───── Data shown ─────
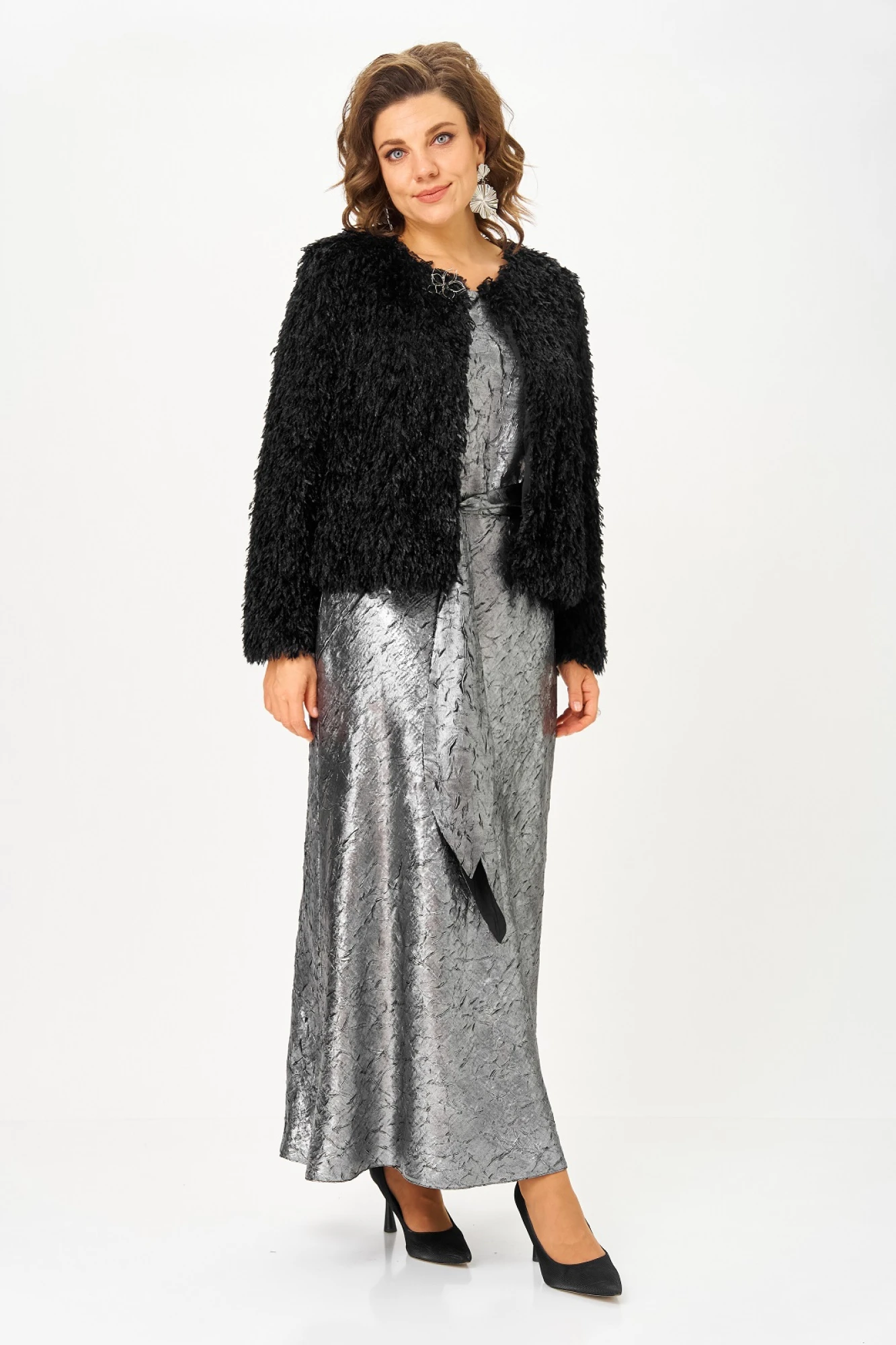 Костюм с платьем Кокетка и К 1332 серебристый+черный двойка
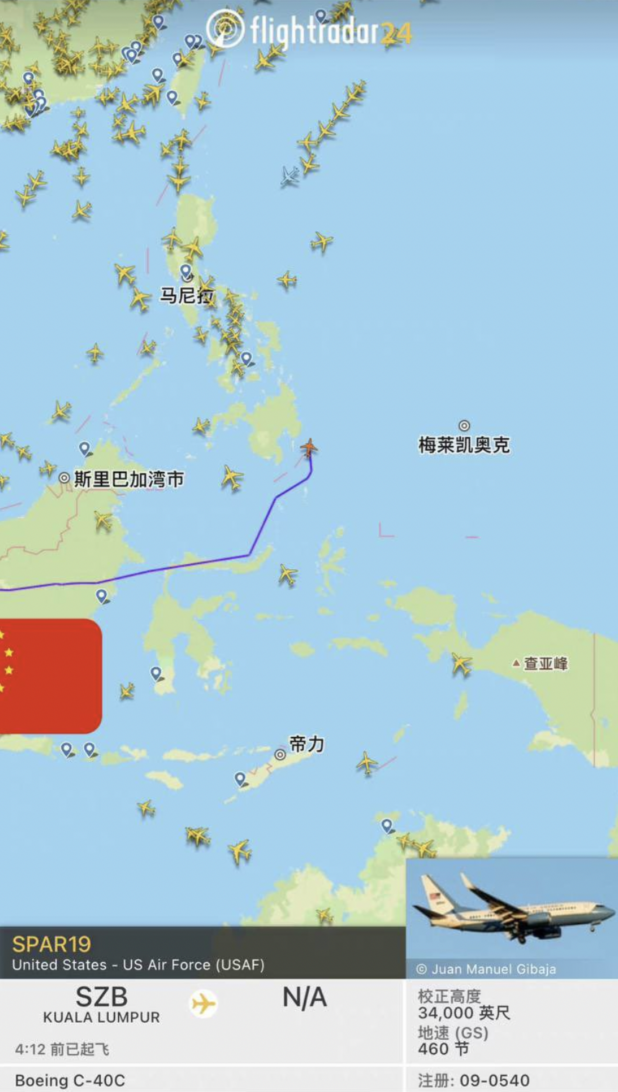 At time of writing, the plane is on path to Taiwan, after having driven all the way around the Philippines to… build tension?
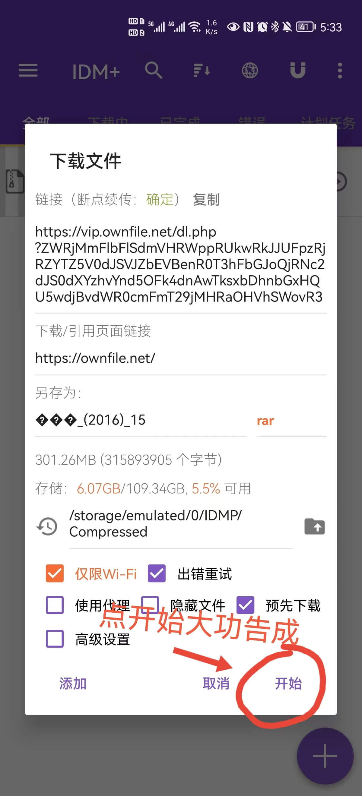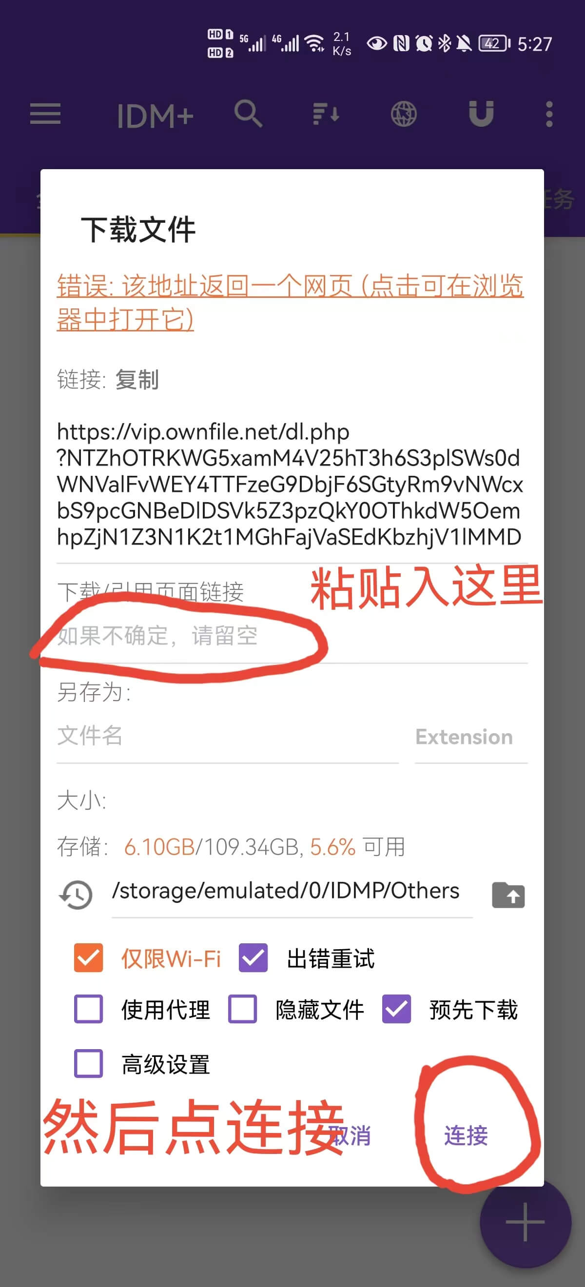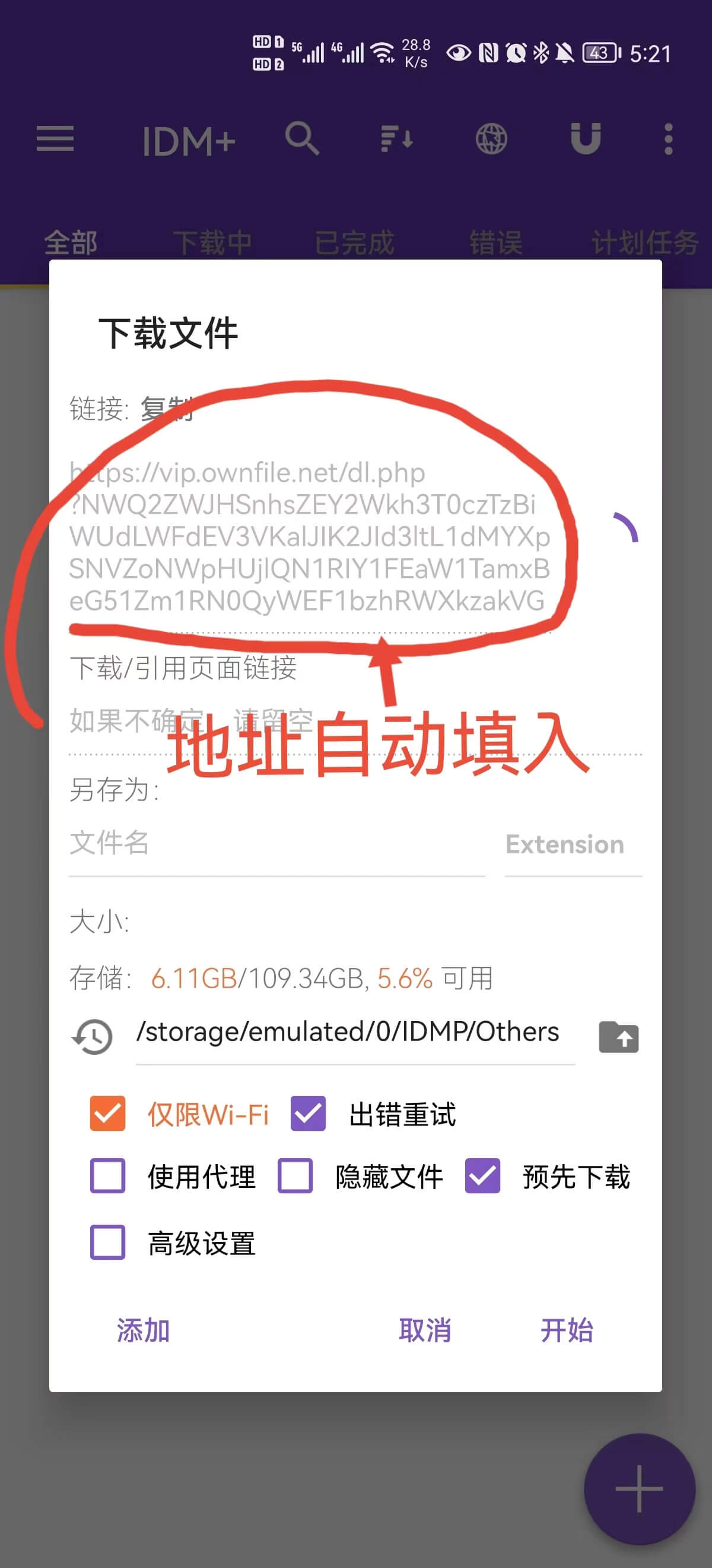 (3)将要下载的567网盘或ownfile的地址复制过来粘贴,并点击确定,注意地址不要填错
─────
◆ **About this exercise**
The listing above should be repeated word for word, pictures removed.

◆ **Response box**
 Костюм с платьем Кокетка и К 1332 серебристый+черный двойка
 At time of writing, the plane is on path to Taiwan, after having driven all the way around the Philippines to… build tension?
 (3)将要下载的567网盘或ownfile的地址复制过来粘贴,并点击确定,注意地址不要填错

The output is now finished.